What the task asks: Without any images, write the data out exactly as it appears.

Collected data:
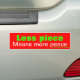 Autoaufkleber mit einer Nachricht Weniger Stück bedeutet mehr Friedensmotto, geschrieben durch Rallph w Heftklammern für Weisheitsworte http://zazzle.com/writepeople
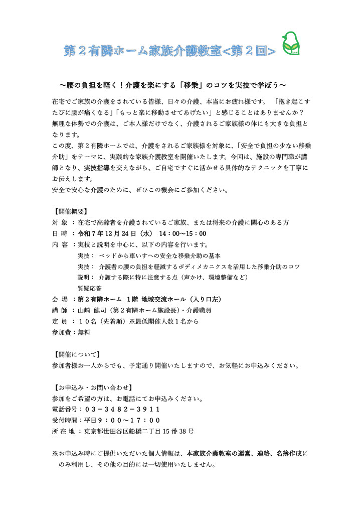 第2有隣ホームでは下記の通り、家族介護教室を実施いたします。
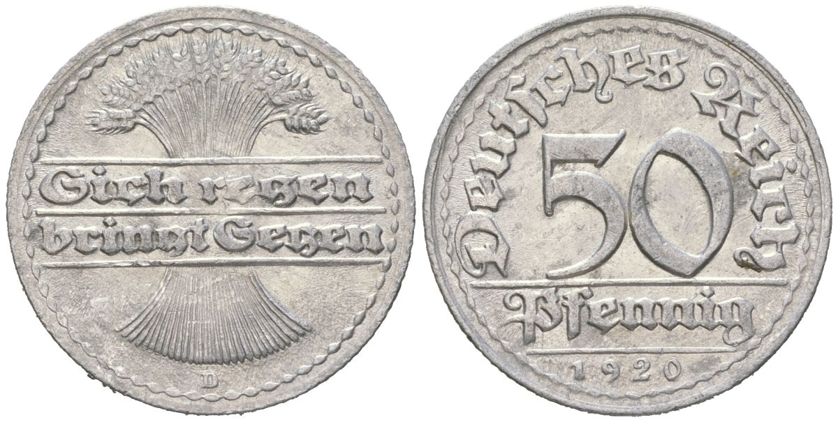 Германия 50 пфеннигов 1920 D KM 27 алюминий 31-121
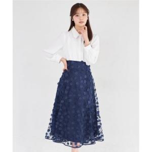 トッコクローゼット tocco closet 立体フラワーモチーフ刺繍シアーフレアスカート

Result of the exercise:
 Autoaufkleber mit einer Nachricht Weniger Stück bedeutet mehr Friedensmotto, geschrieben durch Rallph w Heftklammern für Weisheitsworte http://zazzle.com/writepeople
 第2有隣ホームでは下記の通り、家族介護教室を実施いたします。
 Германия 50 пфеннигов 1920 D KM 27 алюминий 31-121
 トッコクローゼット tocco closet 立体フラワーモチーフ刺繍シアーフレアスカート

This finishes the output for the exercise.